Dunlap concluded the Smith series with
Cop Out
(1997). In 2006 she published
A Single Eye
, her first mystery featuring Darcy Lott, a Zen Buddhist stuntwoman. Her most recent novel is
No Footprints
(2012), the fifth in the Darcy Lott series.
In addition to writing, Dunlap has taught yoga and worked for a private investigator on death penalty defense cases and as a paralegal.
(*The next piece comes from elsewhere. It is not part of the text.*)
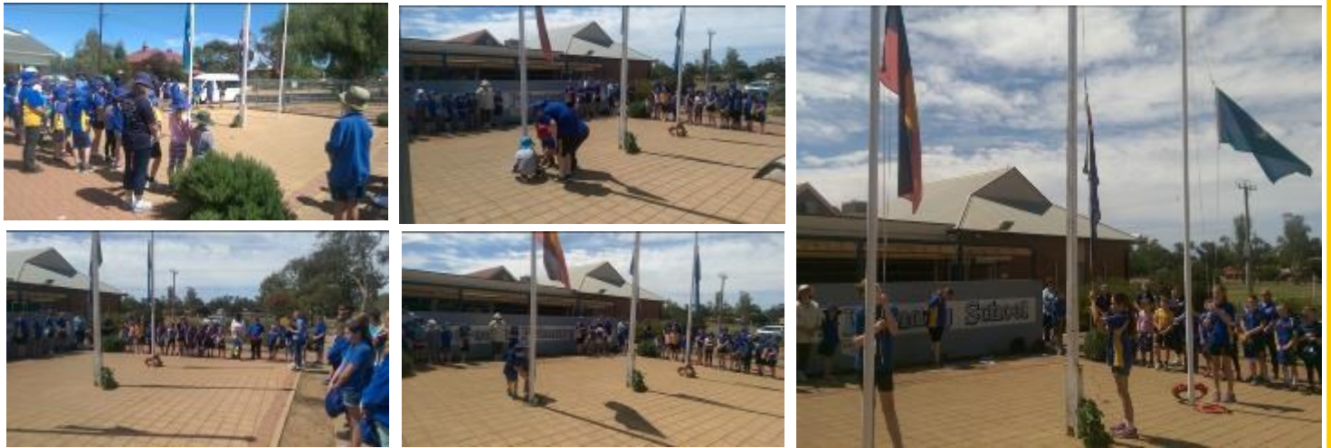
Memorial Day Service

In 1986, she helped found Sisters in Crime, an organization that supports women in the field of mystery writing. She lives and writes near San Francisco.
Dunlap and her father at the beach, probably Coney Island. ”“My happiest vacations were at the beach,” says Dunlap, “here, at the Jersey shore, at Jones Beach, and two glorious winter weeks in Florida.”
Dunlap’s grammar school graduation from Stewart School on Long Island, New York.
In 1968, Dunlap arrived in San Francisco; this photo was taken by her husband-to-be atop one of the city’s many hills. Dunlap recalls, “It’s winter; I’m wearing a T-shirt; I’m ecstatic!”
Dunlap’s dog Seumas at eight weeks old. “We’d had him two weeks and he was already in charge, happily biting my hand (see my grimace),” she says. “He lived for sixteen good, well-tended years.”